Bridge Walkthrough

In this section, we’ll walkthrough a simple Target-to-Host bridge, the UARTBridge, provided with FireSim to demonstrate how to integrate your own. The UARTBridge uses host-MMIO to model a UART device.

Reading the Bridges section is a prerequisite to reading these sections.

UART Bridge (Host-MMIO)

Source code for the UART Bridge lives in the following directories:

│                 ├-scala/bridges/UARTBridge.scala # Target-Side Bridge and BridgeModule Definitions
│                 ├-cc/brides/ # Bridge Driver source
│                 └-cc/brides/uart.h  # Bridge Driver header
├-src/main/cc/firesim/  # Driver instantiation in the main simulation driver
└-src/main/makefrag/firesim/Makefrag  # Build system modifications to compile Bridge Driver code

Target Side

The first order of business when designing a new bridge is to implement its target side. In the case of UART we’ve defined a Chisel BlackBox 1 extending Bridge. We’ll instantiate this BlackBox and connect it to UART IO in the top-level of our chip. We first define a class that captures the target-side interface of the Bridge:

class UARTBridgeTargetIO(val uParams: UARTParams) extends Bundle {
  val clock = Input(Clock())
  val uart = Flipped(new UARTPortIO(uParams))
  // Note this reset is optional and used only to reset target-state modelled
  // in the bridge This reset just like any other Bool included in your target
  // interface, simply appears as another Bool in the input token.
  val reset = Input(Bool())

You can also extend a non-BlackBox Chisel Module, but any Chisel source contained within will be removed by Golden Gate. You may wish to do this to enclose a synthesizable model of the Bridge for other simulation backends, or simply to wrap a larger chunk RTL you wish to model in the host-side of the Bridge.

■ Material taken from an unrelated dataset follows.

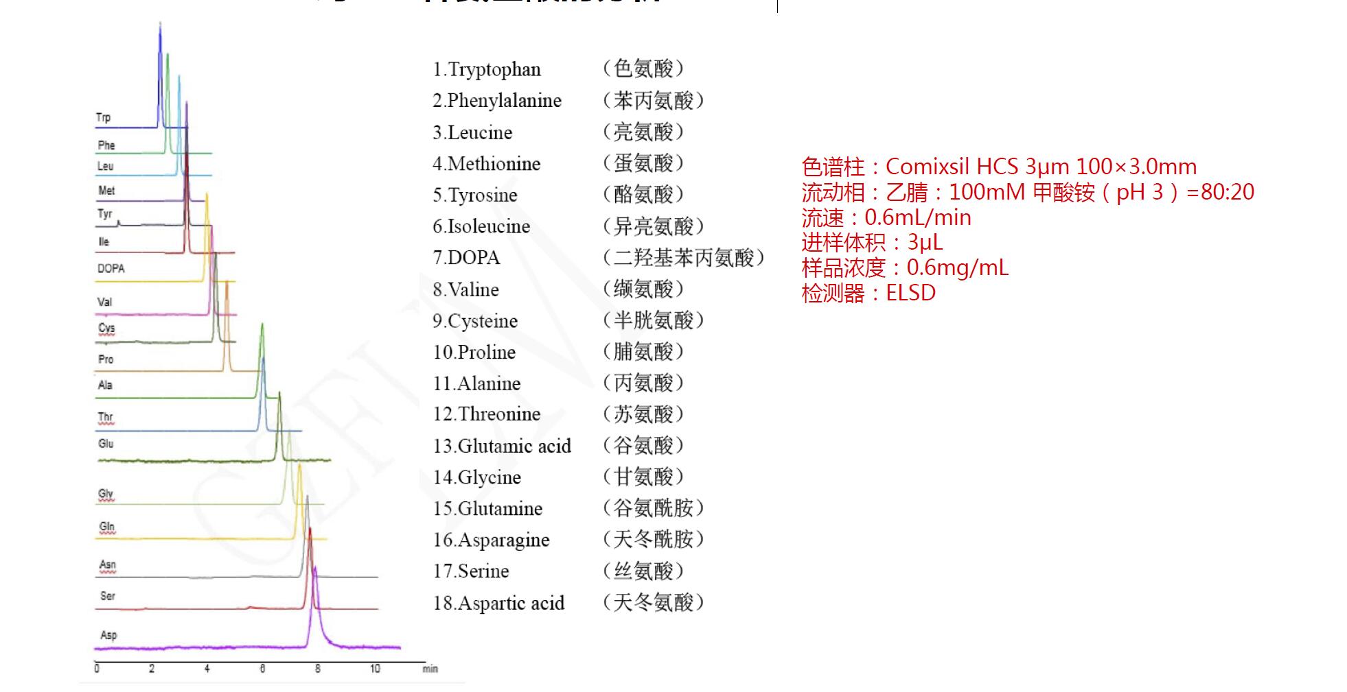 A、HPLC-UV PITC衍生分析法案例18種氨基酸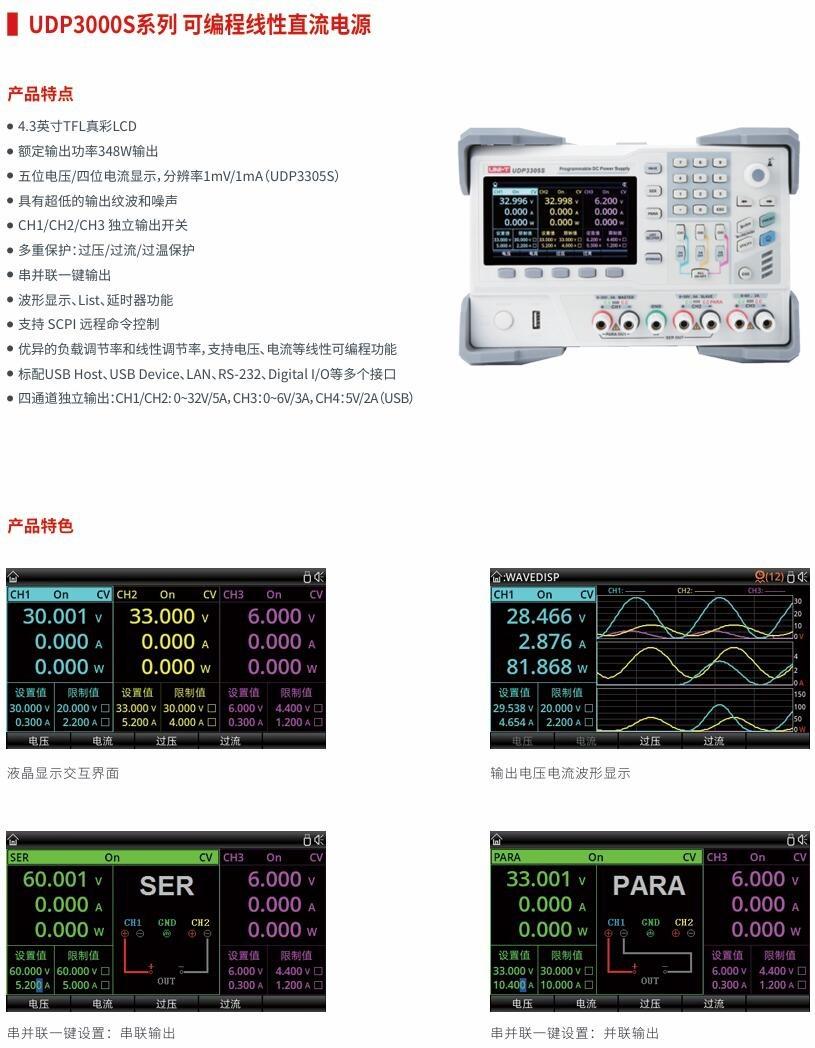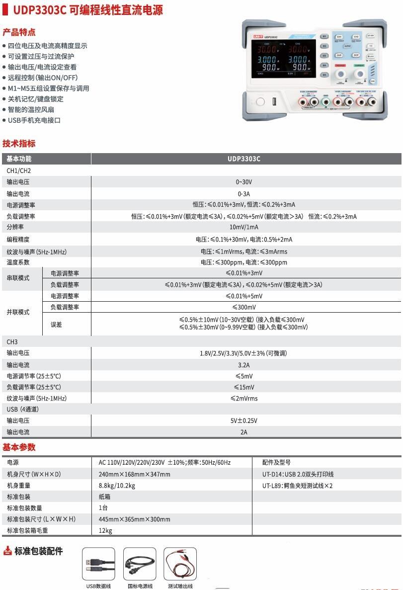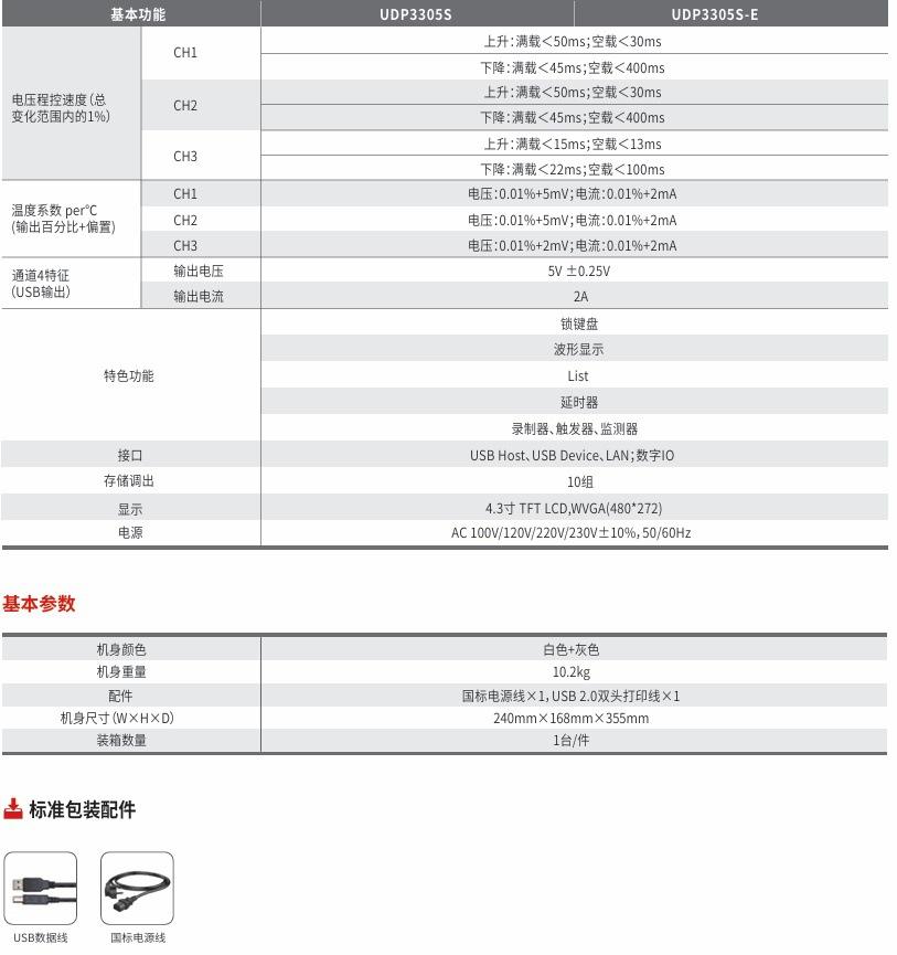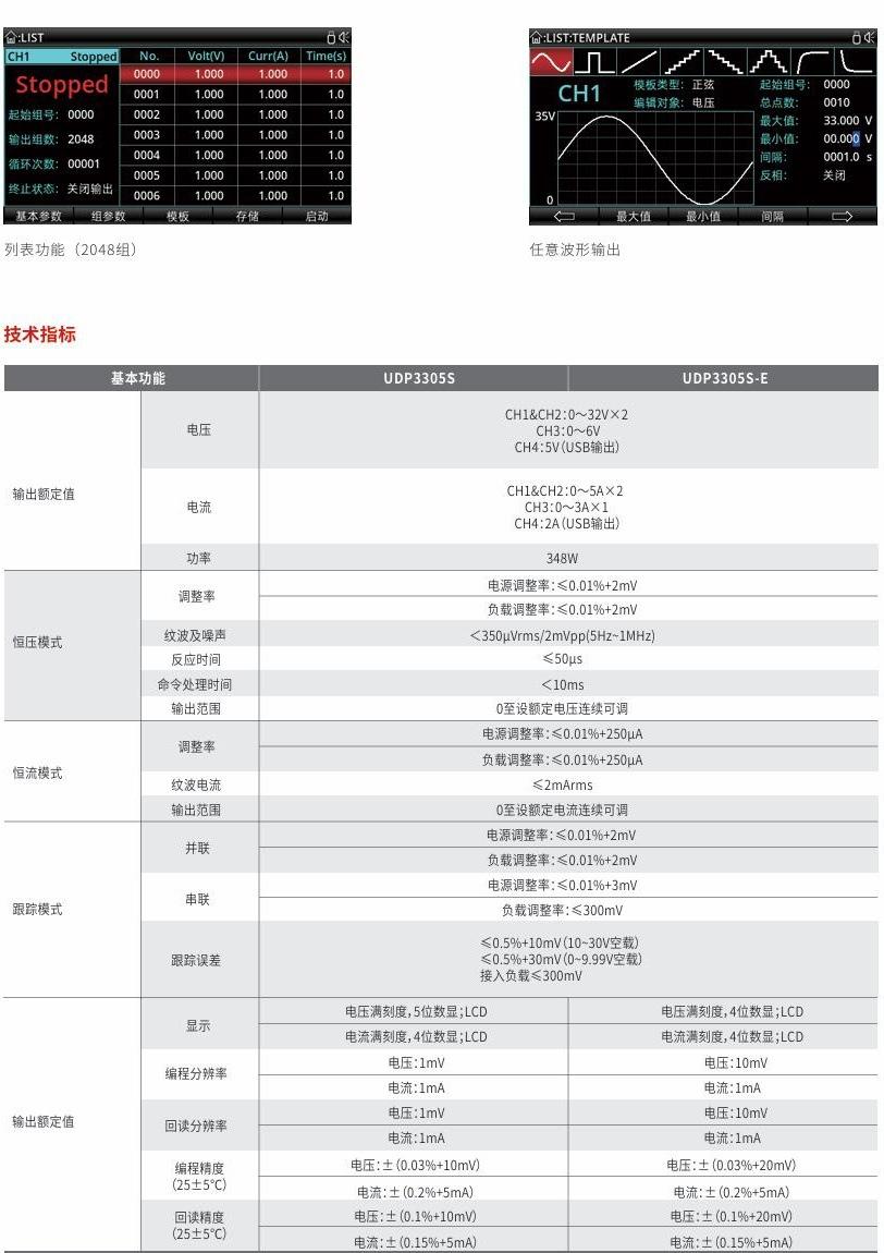 Parámetros de la Fuente de Alimentación Lineal Programable de CC Uni-T UDP3303C/UDP3305S/UDP3305S-E:

Here, we define a case class that carries additional metadata to the host-side BridgeModule. For UART, this is simply the clock-division required to produce the baudrate:

// Out bridge module constructor argument. This captures all of the extra
// metadata we'd like to pass to the host-side BridgeModule. Note, we need to
// use a single case class to do so, even if it is simply to wrap a primitive
// type, as is the case for UART (int)
case class UARTKey(uParams: UARTParams, div: Int)

Finally, we define the actual target-side module (specifically, a BlackBox):

class UARTBridge(uParams: UARTParams)(implicit p: Parameters) extends BlackBox
    with Bridge[HostPortIO[UARTBridgeTargetIO], UARTBridgeModule] {
  // Since we're extending BlackBox this is the port will connect to in our target's RTL
  val io = IO(new UARTBridgeTargetIO(uParams))
  // Implement the bridgeIO member of Bridge using HostPort. This indicates that
  // we want to divide io, into a bidirectional token stream with the input
  // token corresponding to all of the inputs of this BlackBox, and the output token consisting of 
  // all of the outputs from the BlackBox
  val bridgeIO = HostPort(io)

  // Do some intermediate work to compute our host-side BridgeModule's constructor argument
  val frequency = p(PeripheryBusKey).dtsFrequency.get
  val baudrate = uParams.initBaudRate
  val div = (frequency / baudrate).toInt

  // And then implement the constructorArg member
  val constructorArg = Some(UARTKey(uParams, div))

  // Finally, and this is critical, emit the Bridge Annotations -- without
  // this, this BlackBox would appear like any other BlackBox to Golden Gate

To make it easier to instantiate our target-side module, we’ve also defined an optional companion object:

object UARTBridge {
  def apply(clock: Clock, uart: UARTPortIO)(implicit p: Parameters): UARTBridge = {
    val ep = Module(new UARTBridge(uart.c)) <> uart := clock

That completes the target-side definition.

Host-Side BridgeModule

The remainder of the file is dedicated to the host-side BridgeModule definition. Here we have to process tokens generated by the target, and expose a memory-mapped interface to the bridge driver.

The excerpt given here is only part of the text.